• WORK TO COMPLETE
Could you retype the entries below exactly, omitting every picture?

• EXERCISE DATA
========
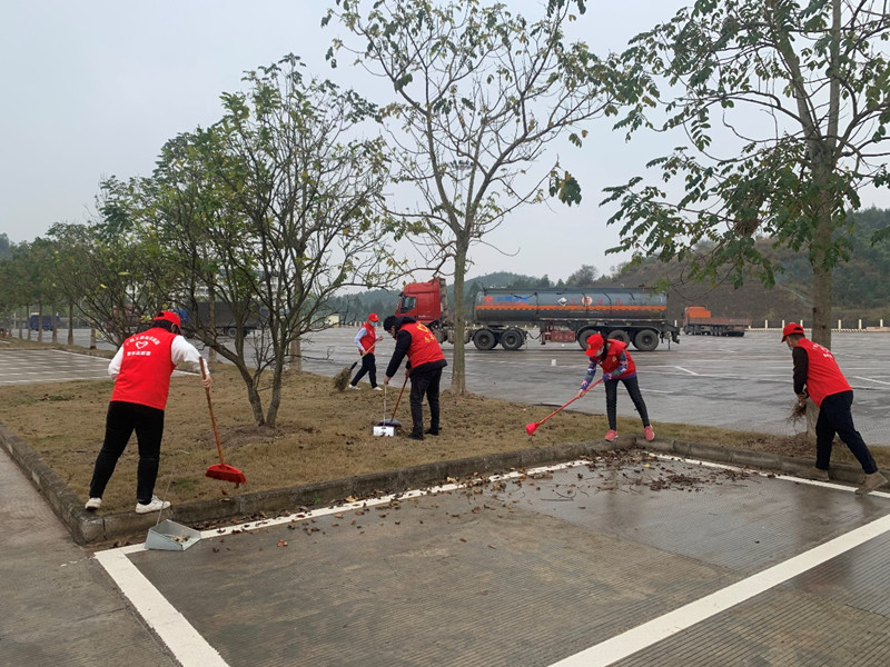 此外,為給旅客提供干凈舒適的環(huán)境,青年志愿者們在服務(wù)區(qū)熱火朝天大掃除。從消毒清洗服務(wù)區(qū)內(nèi)場的衛(wèi)生死角到撿拾服務(wù)區(qū)外場周邊綠化帶的雜草雜物、垃圾等,經(jīng)過一個多小時的奮戰(zhàn),服務(wù)區(qū)內(nèi)外場的環(huán)境煥然一新。
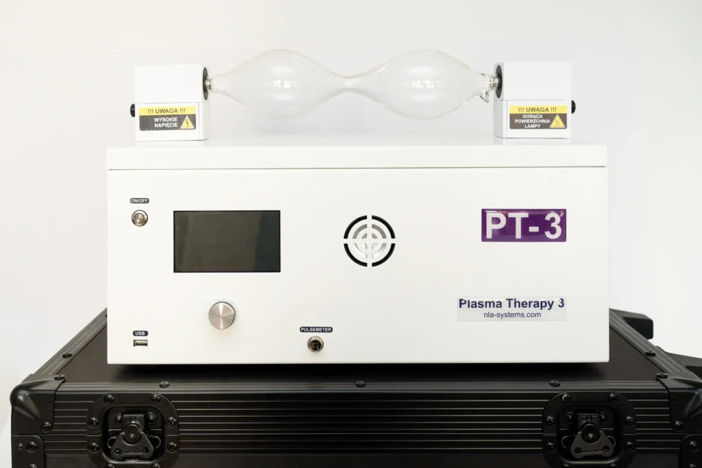 PT-3 łączy funkcje klasycznego generatora Rife’a, nowoczesnej lampy plazmowej oraz modułu biofeedbacku.
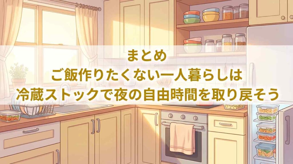 まとめ:ご飯作りたくない一人暮らしは「冷蔵ストック」で夜の自由時間を取り戻そう
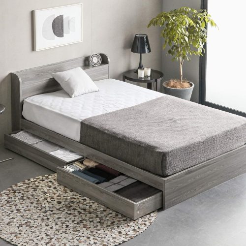 ベッドの下に引き出しなどの収納機能を備えたタイプです。衣類やリネン類を整理整頓できるため、余分なタンスを置く必要がなくなり部屋を広く使えます。引き出しの数は製品によって異なり、荷物の量に合わせて選べるのがポイントです。
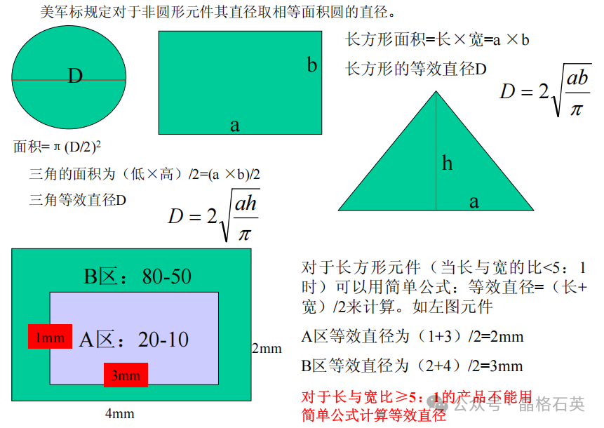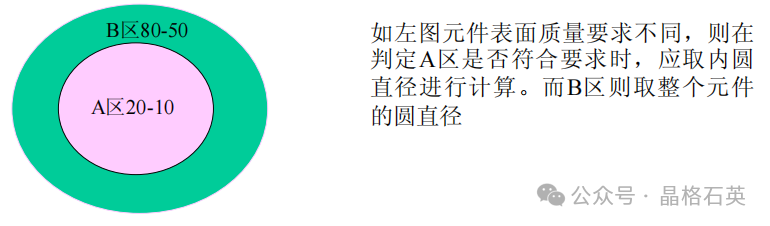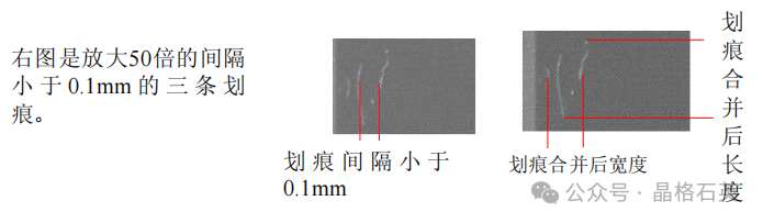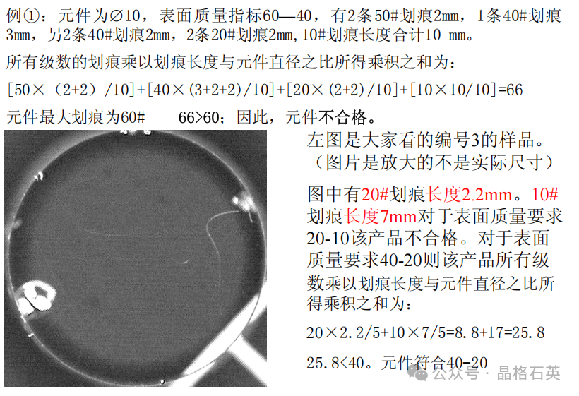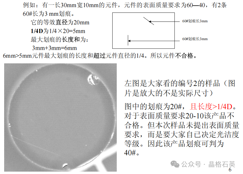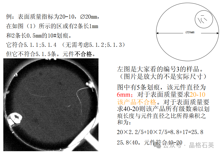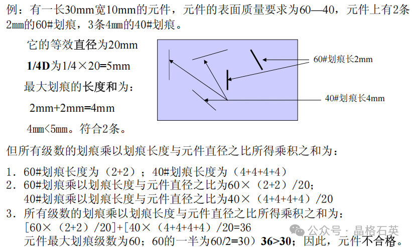 表面缺陷标准:依据美国军用标准MIL-PRF-13830B用两组数字表示表面缺陷大小。例如40/20前者限制划痕大小,后者限制麻点大小。道子、亮路都统称为划痕。斑点、坑点、点子 都称为麻点。规定长与宽的比大于4:1的为划痕;长与宽的比小于4:1的为麻点。当元件的不同区域表面光洁度要求不一样时,等效直径的计算以区域进行:表面质量要求高的内区域其等效直径以内区域为准(如有效孔径的区域),表面质量要求低的外区域计算的是整体元件的等效直径。以美国军用标准《MIL-O-13830》的表面质量划痕样板作为各级数划痕的比对标准。(注意:美军标未指明划痕的计量单位也即未确定划痕的宽度和深度,只能以实际观察样版为标准。)这里的划痕级数就是通常的划痕号数,标准样版有10#、20#、40#、60#、80# 5个级。SC-QA027表面质量标准共有7条划痕判定标准,前5条是美军标的规定,后两条是公司内控标准。以下逐条讲解:1、当元件的划痕级数超过表面质量要求的划痕级数时,元件不合格。例如:元件的表面质量要求为60/40,则代表元件的划痕必须≤60#,如果元件有>60#的划痕,则元件不合格。2、当元件的划痕级数未超过表面质量要求的级数,但元件存在最大划痕时,所有最大划痕的长度之和应不超过元件直径的1/4。3、当元件存在最大划痕,而最大划痕的长度之和未超过1/4D,要求所有级数的划痕乘以划痕长度与元件直径之比所得乘积之和,不得超过最大划痕级数的一半。4、当元件的划痕级数未超过表面质量要求的级数,且元件不存在最大划痕时,所有级数的划痕乘以划痕长度与元件直径之比所得乘积之和,不得超过最大划痕级数。5、当元件质量指标要求划痕等级为20或优于此等级时,元件表面不准有密集划痕即在元件中任何一个∅6.35mm面积的区域,不允许有4条或4条以上的大于等于10#划痕。6、对于圆形元件不允许有20# 级数以上与直径相等的划痕。对于方形元件不允许有20#级数以上贯穿元件的划痕。7、当两条或多条划痕之间间隔小于0.1mm时,划痕合并为1条计算,合并后的划痕长度从划痕开始到划痕结束,宽度取划痕的外边。
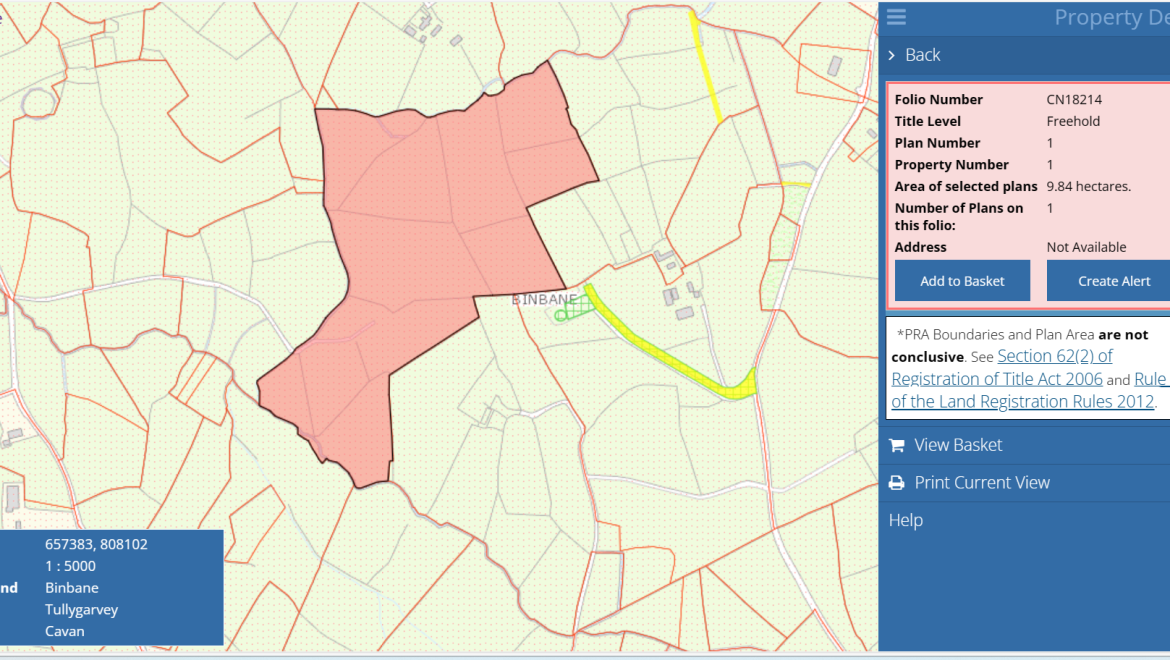 Solicitor with carriage of sale: Mr. Damien Rudden Solicitor, Corraneary, Stradone, Co.Cavan,
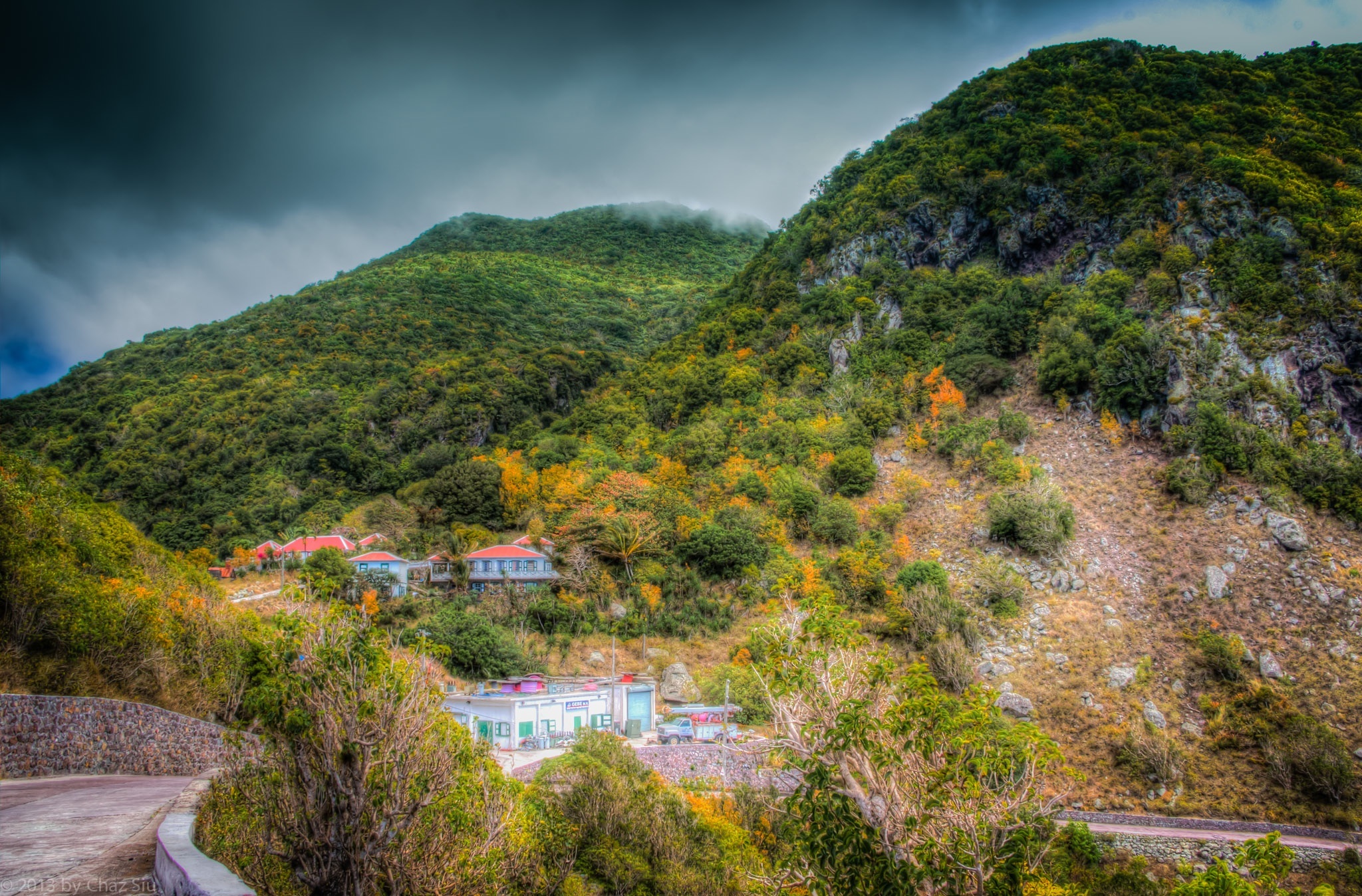 My time is ticking, running out here on Saba, and just when I think I’ve run out of images to show, I confront The Road I take to Windwardside from St John’s every day, often 3-4 times a day, and see an artistic perspective I didn’t catch before. That’s today’s pic, the descent out of St John’s after I climb out of the Flat, and bend around past the old GEBE station, where the plaintive bleats and brays of goats on the ridges and cliffs continues, the wind sometimes moans in the cleft between the mountains, and the fog tops Mt Scenery. I dig this place, I really do. Guess I’ll be back in a few years…
========
• ANSWER
 此外,為給旅客提供干凈舒適的環(huán)境,青年志愿者們在服務(wù)區(qū)熱火朝天大掃除。從消毒清洗服務(wù)區(qū)內(nèi)場的衛(wèi)生死角到撿拾服務(wù)區(qū)外場周邊綠化帶的雜草雜物、垃圾等,經(jīng)過一個多小時的奮戰(zhàn),服務(wù)區(qū)內(nèi)外場的環(huán)境煥然一新。
 PT-3 łączy funkcje klasycznego generatora Rife’a, nowoczesnej lampy plazmowej oraz modułu biofeedbacku.
 まとめ:ご飯作りたくない一人暮らしは「冷蔵ストック」で夜の自由時間を取り戻そう
 ベッドの下に引き出しなどの収納機能を備えたタイプです。衣類やリネン類を整理整頓できるため、余分なタンスを置く必要がなくなり部屋を広く使えます。引き出しの数は製品によって異なり、荷物の量に合わせて選べるのがポイントです。
 表面缺陷标准:依据美国军用标准MIL-PRF-13830B用两组数字表示表面缺陷大小。例如40/20前者限制划痕大小,后者限制麻点大小。道子、亮路都统称为划痕。斑点、坑点、点子 都称为麻点。规定长与宽的比大于4:1的为划痕;长与宽的比小于4:1的为麻点。当元件的不同区域表面光洁度要求不一样时,等效直径的计算以区域进行:表面质量要求高的内区域其等效直径以内区域为准(如有效孔径的区域),表面质量要求低的外区域计算的是整体元件的等效直径。以美国军用标准《MIL-O-13830》的表面质量划痕样板作为各级数划痕的比对标准。(注意:美军标未指明划痕的计量单位也即未确定划痕的宽度和深度,只能以实际观察样版为标准。)这里的划痕级数就是通常的划痕号数,标准样版有10#、20#、40#、60#、80# 5个级。SC-QA027表面质量标准共有7条划痕判定标准,前5条是美军标的规定,后两条是公司内控标准。以下逐条讲解:1、当元件的划痕级数超过表面质量要求的划痕级数时,元件不合格。例如:元件的表面质量要求为60/40,则代表元件的划痕必须≤60#,如果元件有>60#的划痕,则元件不合格。2、当元件的划痕级数未超过表面质量要求的级数,但元件存在最大划痕时,所有最大划痕的长度之和应不超过元件直径的1/4。3、当元件存在最大划痕,而最大划痕的长度之和未超过1/4D,要求所有级数的划痕乘以划痕长度与元件直径之比所得乘积之和,不得超过最大划痕级数的一半。4、当元件的划痕级数未超过表面质量要求的级数,且元件不存在最大划痕时,所有级数的划痕乘以划痕长度与元件直径之比所得乘积之和,不得超过最大划痕级数。5、当元件质量指标要求划痕等级为20或优于此等级时,元件表面不准有密集划痕即在元件中任何一个∅6.35mm面积的区域,不允许有4条或4条以上的大于等于10#划痕。6、对于圆形元件不允许有20# 级数以上与直径相等的划痕。对于方形元件不允许有20#级数以上贯穿元件的划痕。7、当两条或多条划痕之间间隔小于0.1mm时,划痕合并为1条计算,合并后的划痕长度从划痕开始到划痕结束,宽度取划痕的外边。
 Solicitor with carriage of sale: Mr. Damien Rudden Solicitor, Corraneary, Stradone, Co.Cavan,
 My time is ticking, running out here on Saba, and just when I think I’ve run out of images to show, I confront The Road I take to Windwardside from St John’s every day, often 3-4 times a day, and see an artistic perspective I didn’t catch before. That’s today’s pic, the descent out of St John’s after I climb out of the Flat, and bend around past the old GEBE station, where the plaintive bleats and brays of goats on the ridges and cliffs continues, the wind sometimes moans in the cleft between the mountains, and the fog tops Mt Scenery. I dig this place, I really do. Guess I’ll be back in a few years…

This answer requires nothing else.